Section 230 of the Communications Decency Act has entered a period of uncertainty. The legislation, which shields social media companies from liability for content published by others on their platforms, was previously targeted by an executive order from the Trump administration that remains in effect today. Now it is the subject of a number of proposed changes from Congress that would chip away at the immunity in a piecemeal fashion. Missing from this discussion is a complete understanding of how such changes could affect a major actor in the social media environment: bots. In a recent study of social media bots legislation by CNA, we find that the passing of restrictions on Section 230 could provide a major opening for malicious bots on social media.

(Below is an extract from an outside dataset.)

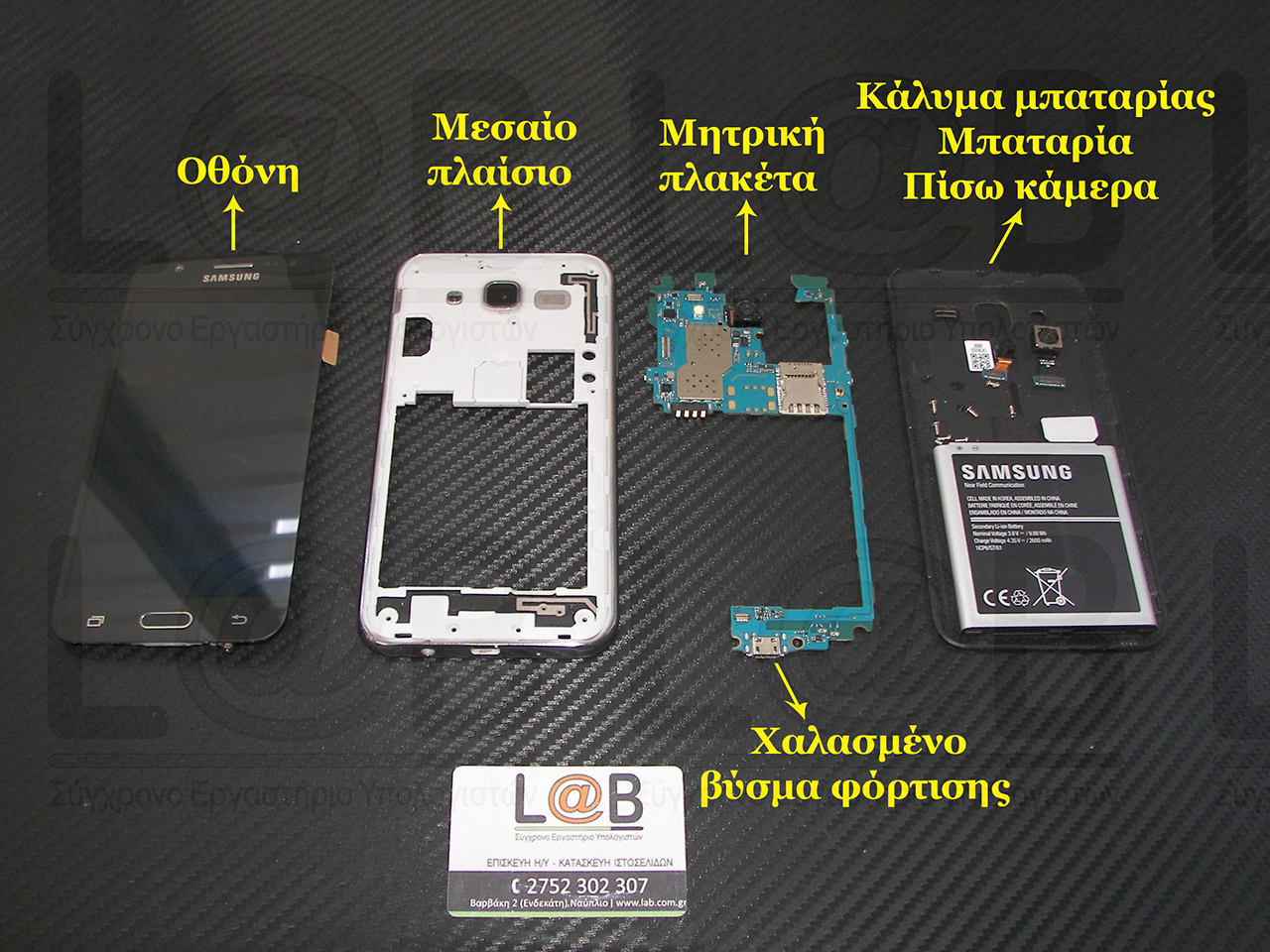Στο τηλέφωνο Samsung Galaxy J500 της φωτογραφίας είχε καταστραφεί το βύσμα της φόρτισης, με αποτέλεσμα να μην μπορεί να φορτιστεί η μπαταρία και συνεπώς να μην μπορεί να χρησιμοποιηθεί η συσκευή.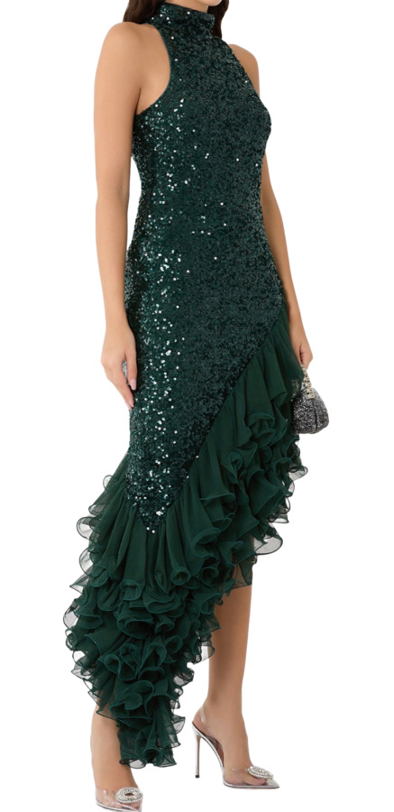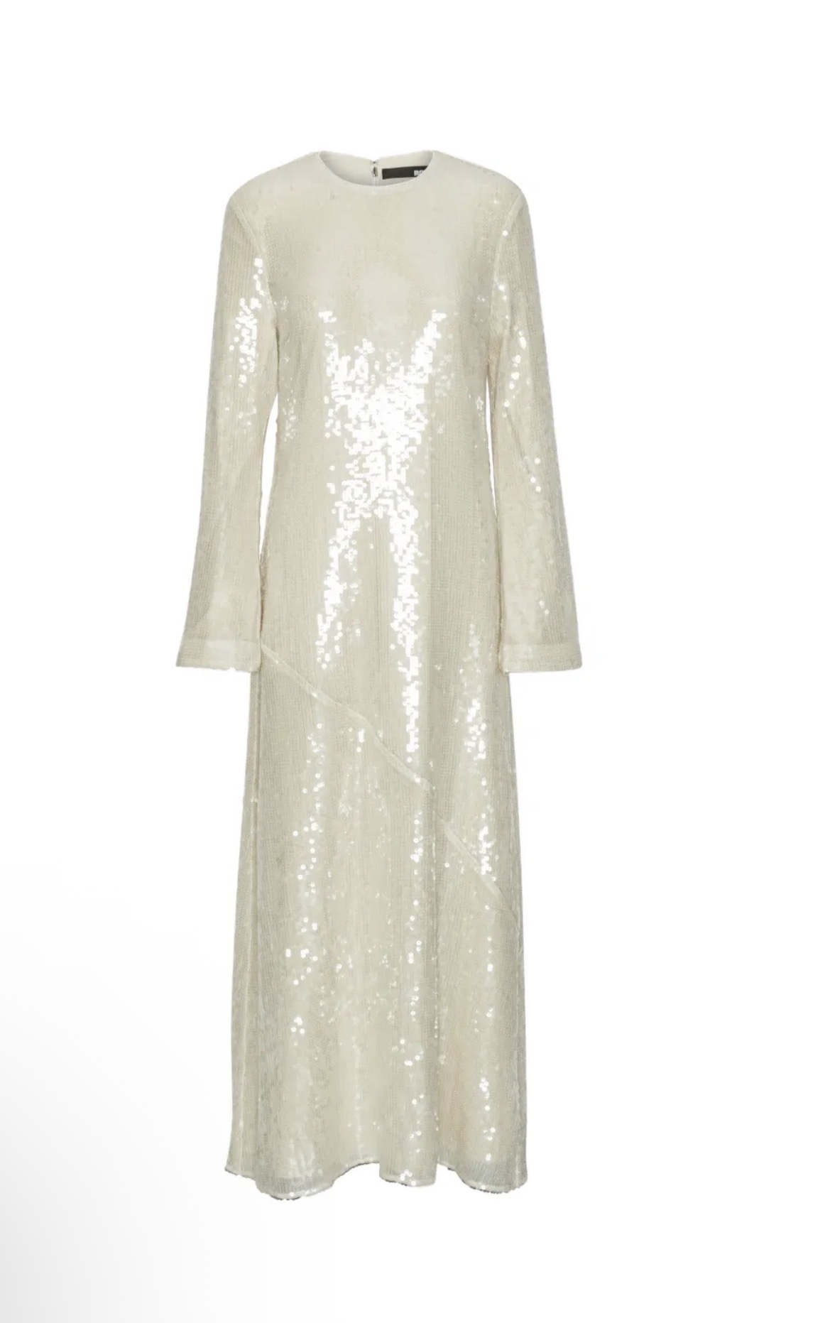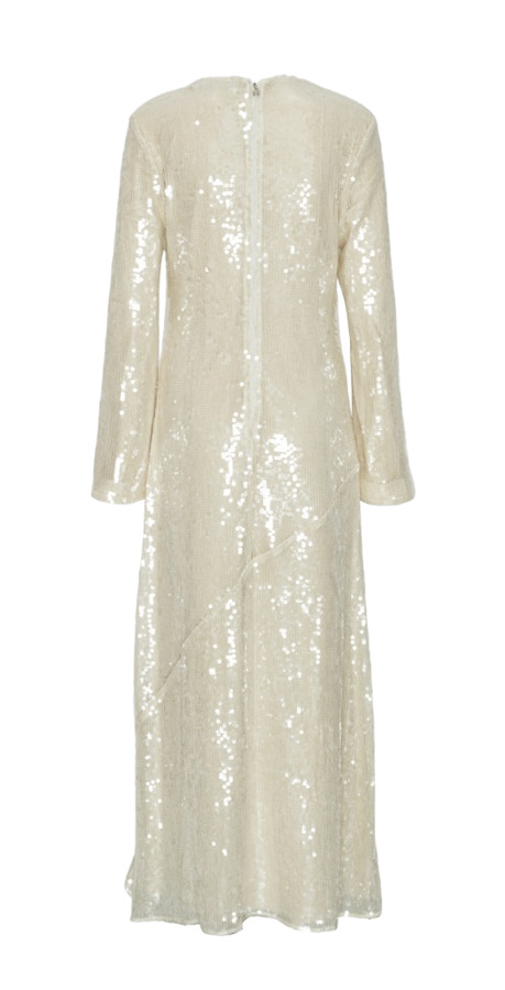 The sequined maxi dress in off-white features a full-length silhouette with long sleeves and a round neckline. Adorned with all-over sequins, it showcases an asymmetrical seam detail for added flair. Fastening with a concealed back zipper, it ensures a smooth fit, making it a glamorous choice for any elegant occasion. Perfect for making a memorable impression!

The debate over Section 230 centers on the impact of these changes on social media platforms, but the effects of Section 230 changes could be significant for bots, too. Even though bots are automated programs, built to interact with humans on social media platforms, certain proposals could require companies to give each individual bot an appeal hearing before kicking it off the platform. This would be the case particularly under some Republican-proposed actions, such as those contained in the Trump administration executive order, which seeks to limit “selective censorship” and could cause social media companies to leave up content they otherwise would have taken down. For example, a bill Republican Sen. Josh Hawley of Arkansas introduced in the last Congress would allow citizens to sue platforms that censor political speech, which could lead to companies refusing to remove any content. This type of legislation could allow malicious bots to continue operating for much longer, providing a boost for those seeking to spread disinformation.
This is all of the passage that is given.